DATA EXTRACT Start Marker
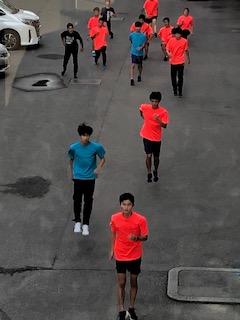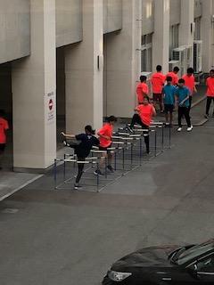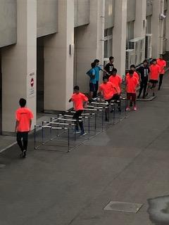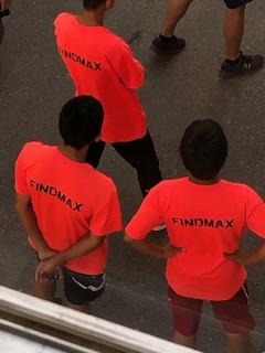 整然と並んで、大きく一歩を踏み出したり、全力で走ったり、ハードルを使って体の向きを変えながら乗り越えて行く練習など、見ていて飽きないものでした。彼らの着ているTシャツは鮮やかなオレンジ色、よく見ると「FINDMAX」と書かれています。(これはFind Your Maxから来ているのかな?そうとしか思えない!)
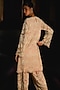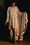 Featuring a pink kurta in crepe base with cutdana and pearls embroidery. It is paired with embroidered salwar pants and an organza scalloped embroidered dupatta. Accentuate it with delicate jhumkas and traditional juttis for an elegant touch, perfect for festive gatherings, family functions and daytime celebrations.
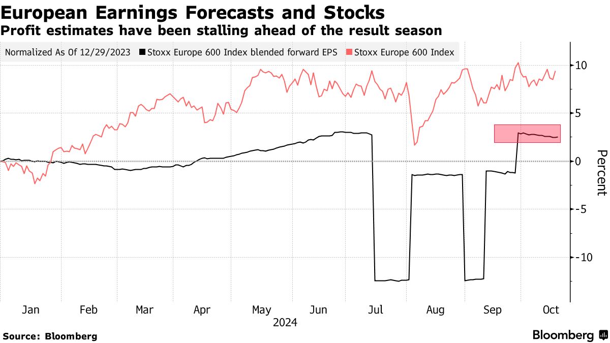 随着投资者消化第三季度财报季的动荡开局,欧洲股票在十月份趋于稳定。一些知名公司未能达到预期,尤其是LVMH,其 销售未达标,以及ASML,其报告的 订单令人失望,尤其引发了对来自关键中国市场产品需求的担忧。
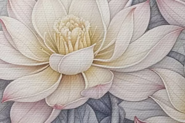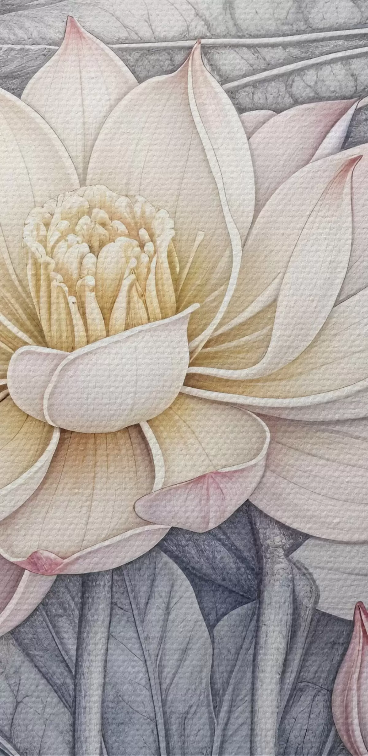 Image Grandes fleurs de lotus roses et blanches avec des feuilles et des tiges vertes sur un fond clair avec des pétales et des centres détaillés Nr r42221
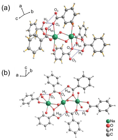 The aim of this study is to use the templating molecules from dissolved co-crystals to guide the co-crystallization of the HBz–NaBz system, so that its variability of stoichiometric ratio and polymorphism may be overcome. Being an ionic co-crystal, 2:1 HBz–NaBz co-crystal is built on the coordination complexes of three kinds: a sodium atom with another sodium atom, a sodium atom with a carboxylic acid ligand, and a sodium atom with a carboxylate ligand and several hydrogen bonds, as illustrated in Figure 2. There are three hydrogen bonds located at H2···O3, H2···O4, H6A···O4 in Form A, as illustrated in Figure 2a [7]. For Form B, two hydrogen bonds are present: H2···O3 and H5B···O4, as shown in Figure 2b [8]. To our best knowledge, no crystallographic data for 1:1 HBz–NaBz co-crystal have been published. Presumably, crystal packing also consists of sodium coordination complex(es) and hydrogen bond(s).
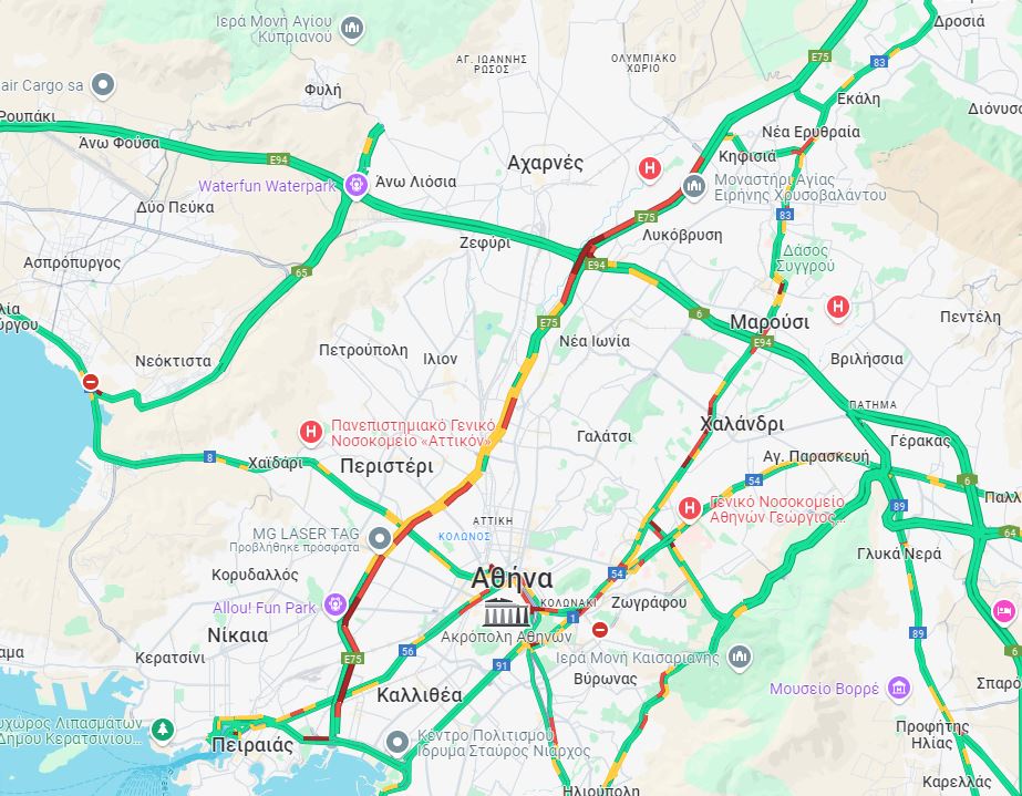 Συγκεκριμένα οι οδηγοί κινούνται με χαμηλές ταχύτητες από το ύψος της γέφυρας Καλυφτάκη στην Κηφισιά μέχρι τη Νέα Φιλαδέλφεια
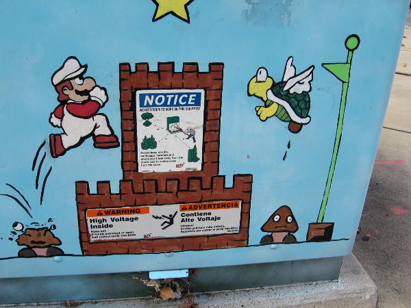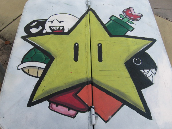 Painted utility and transformer boxes near the corner of National CIty Boulevard and East 8th Street feature a variety of colorful Japanese video game characters.Sonic the Hedgehog of Sega Games has been painted on a utility box in National City.Bub and Bob originally from the 1980s Taito video game Bubble Bobble.Street art depicts Link of The Legend of Zelda video game series.A cute street art rendition of Princess Peach from the Mario video games.Pikachu sits atop a Pokémon Poké Ball. Fun street art in National City.The character beneath the Poké Ball looks somehow familiar, but I can’t figure this one out… Okay, a coworker identified him! It’s Finn the Human from the animated television show Adventure Time. Not of Japanese origin, apparently, but he has appeared in video games!Chocobo from the Final Fantasy video games. Happy street art painted on a utility box.Luna from the popular Japanese manga series Sailor Moon. I’m not sure if Luna appeared in any video games.Nintendo’s pop culture icon Mario fights Gooper Blooper in this fun, nostalgic street art.A green Super Mario Koopa Paratroopa flies over a castle while our leaping hero steps on a Goomba!A villainous Rocky Wrench pops out of a hole to attack Mario in this video game street art!I believe these are various images of enemies from the Mario video game franchise on top of the transformer.Super Mario Galaxy has our hero capturing Power Stars in Outer Space! More street art in National City!
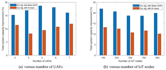 Figure 6 shows the improvement in the total capacity for the mean-shift clustering method and the K-mean clustering method with the application of the proposed algorithm. Figure 6a shows that the number of UAVs set, was changed from to , and Figure 6b shows that the number of IoT nodes set, was changed from to in the field. This result shows that the proposed algorithm has improved the performance of the traditional clustering method by approximately 28%. That is, the proposed algorithm can be applied to existing infrastructure to increase the efficiency of the capacity. A higher improvement ratio was observed when the result was applied to the mean-shift method when compared to the K-mean method. Therefore, the proposed algorithm improves performance regardless of the basic clustering algorithm.
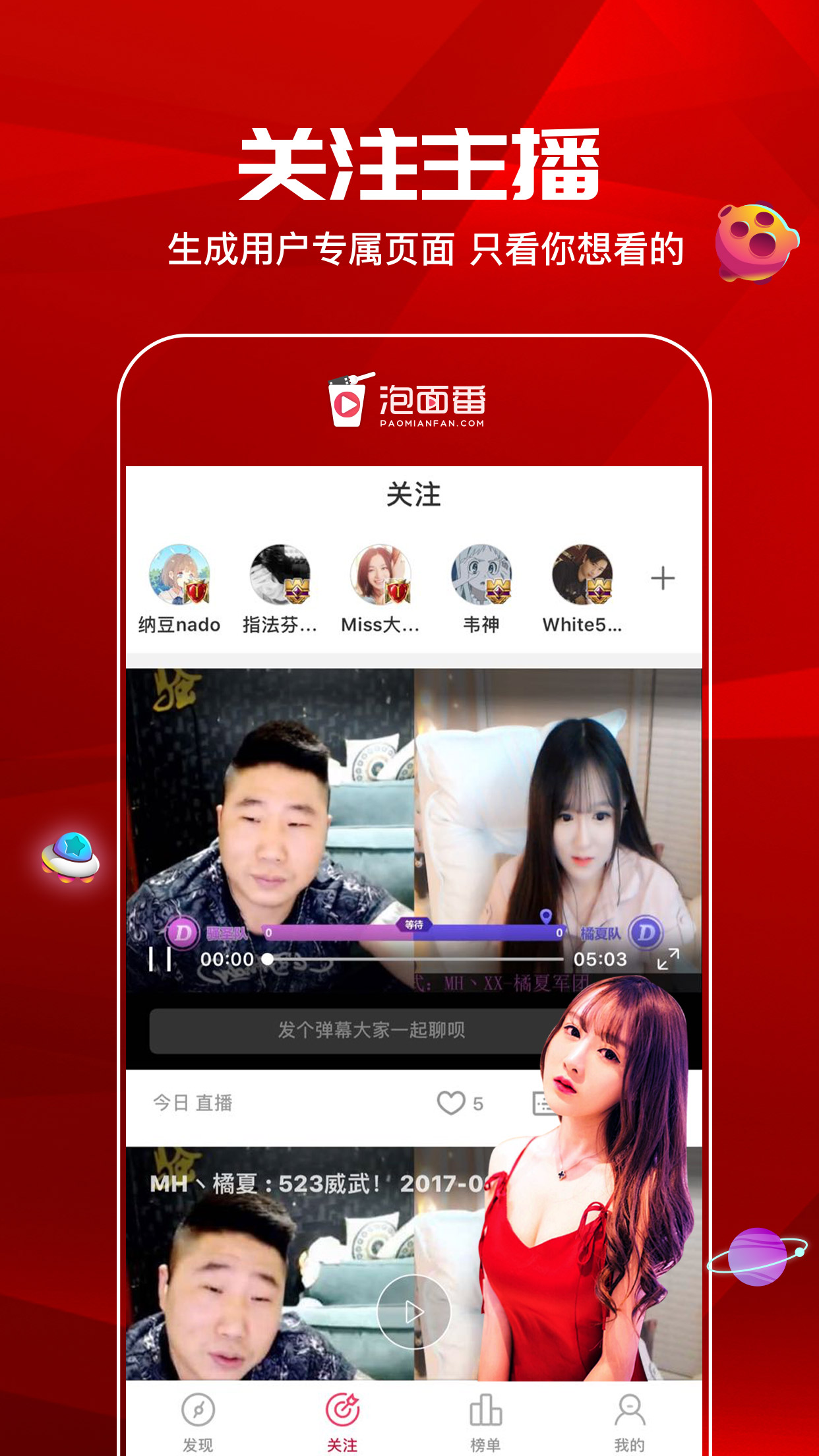 泡面番主播圈APP是一款集众多电竞、娱乐等主播的直播短视频平台,这里有精彩热门游戏视频大全,汇集各类主播大神,战队选手,身边的队友,为大家与主播互动提供帮助!感兴趣的小伙伴快来小黑吧!
DATA EXTRACT End Marker
• AIM OF THE TASK:
Without any of its images, the data above should be returned exactly.

• EXERCISE OUTPUT:
 整然と並んで、大きく一歩を踏み出したり、全力で走ったり、ハードルを使って体の向きを変えながら乗り越えて行く練習など、見ていて飽きないものでした。彼らの着ているTシャツは鮮やかなオレンジ色、よく見ると「FINDMAX」と書かれています。(これはFind Your Maxから来ているのかな?そうとしか思えない!)
 Featuring a pink kurta in crepe base with cutdana and pearls embroidery. It is paired with embroidered salwar pants and an organza scalloped embroidered dupatta. Accentuate it with delicate jhumkas and traditional juttis for an elegant touch, perfect for festive gatherings, family functions and daytime celebrations.
 随着投资者消化第三季度财报季的动荡开局,欧洲股票在十月份趋于稳定。一些知名公司未能达到预期,尤其是LVMH,其 销售未达标,以及ASML,其报告的 订单令人失望,尤其引发了对来自关键中国市场产品需求的担忧。
 Image Grandes fleurs de lotus roses et blanches avec des feuilles et des tiges vertes sur un fond clair avec des pétales et des centres détaillés Nr r42221
 The aim of this study is to use the templating molecules from dissolved co-crystals to guide the co-crystallization of the HBz–NaBz system, so that its variability of stoichiometric ratio and polymorphism may be overcome. Being an ionic co-crystal, 2:1 HBz–NaBz co-crystal is built on the coordination complexes of three kinds: a sodium atom with another sodium atom, a sodium atom with a carboxylic acid ligand, and a sodium atom with a carboxylate ligand and several hydrogen bonds, as illustrated in Figure 2. There are three hydrogen bonds located at H2···O3, H2···O4, H6A···O4 in Form A, as illustrated in Figure 2a [7]. For Form B, two hydrogen bonds are present: H2···O3 and H5B···O4, as shown in Figure 2b [8]. To our best knowledge, no crystallographic data for 1:1 HBz–NaBz co-crystal have been published. Presumably, crystal packing also consists of sodium coordination complex(es) and hydrogen bond(s).
 Συγκεκριμένα οι οδηγοί κινούνται με χαμηλές ταχύτητες από το ύψος της γέφυρας Καλυφτάκη στην Κηφισιά μέχρι τη Νέα Φιλαδέλφεια
 Painted utility and transformer boxes near the corner of National CIty Boulevard and East 8th Street feature a variety of colorful Japanese video game characters.Sonic the Hedgehog of Sega Games has been painted on a utility box in National City.Bub and Bob originally from the 1980s Taito video game Bubble Bobble.Street art depicts Link of The Legend of Zelda video game series.A cute street art rendition of Princess Peach from the Mario video games.Pikachu sits atop a Pokémon Poké Ball. Fun street art in National City.The character beneath the Poké Ball looks somehow familiar, but I can’t figure this one out… Okay, a coworker identified him! It’s Finn the Human from the animated television show Adventure Time. Not of Japanese origin, apparently, but he has appeared in video games!Chocobo from the Final Fantasy video games. Happy street art painted on a utility box.Luna from the popular Japanese manga series Sailor Moon. I’m not sure if Luna appeared in any video games.Nintendo’s pop culture icon Mario fights Gooper Blooper in this fun, nostalgic street art.A green Super Mario Koopa Paratroopa flies over a castle while our leaping hero steps on a Goomba!A villainous Rocky Wrench pops out of a hole to attack Mario in this video game street art!I believe these are various images of enemies from the Mario video game franchise on top of the transformer.Super Mario Galaxy has our hero capturing Power Stars in Outer Space! More street art in National City!
 Figure 6 shows the improvement in the total capacity for the mean-shift clustering method and the K-mean clustering method with the application of the proposed algorithm. Figure 6a shows that the number of UAVs set, was changed from to , and Figure 6b shows that the number of IoT nodes set, was changed from to in the field. This result shows that the proposed algorithm has improved the performance of the traditional clustering method by approximately 28%. That is, the proposed algorithm can be applied to existing infrastructure to increase the efficiency of the capacity. A higher improvement ratio was observed when the result was applied to the mean-shift method when compared to the K-mean method. Therefore, the proposed algorithm improves performance regardless of the basic clustering algorithm.
 泡面番主播圈APP是一款集众多电竞、娱乐等主播的直播短视频平台,这里有精彩热门游戏视频大全,汇集各类主播大神,战队选手,身边的队友,为大家与主播互动提供帮助!感兴趣的小伙伴快来小黑吧!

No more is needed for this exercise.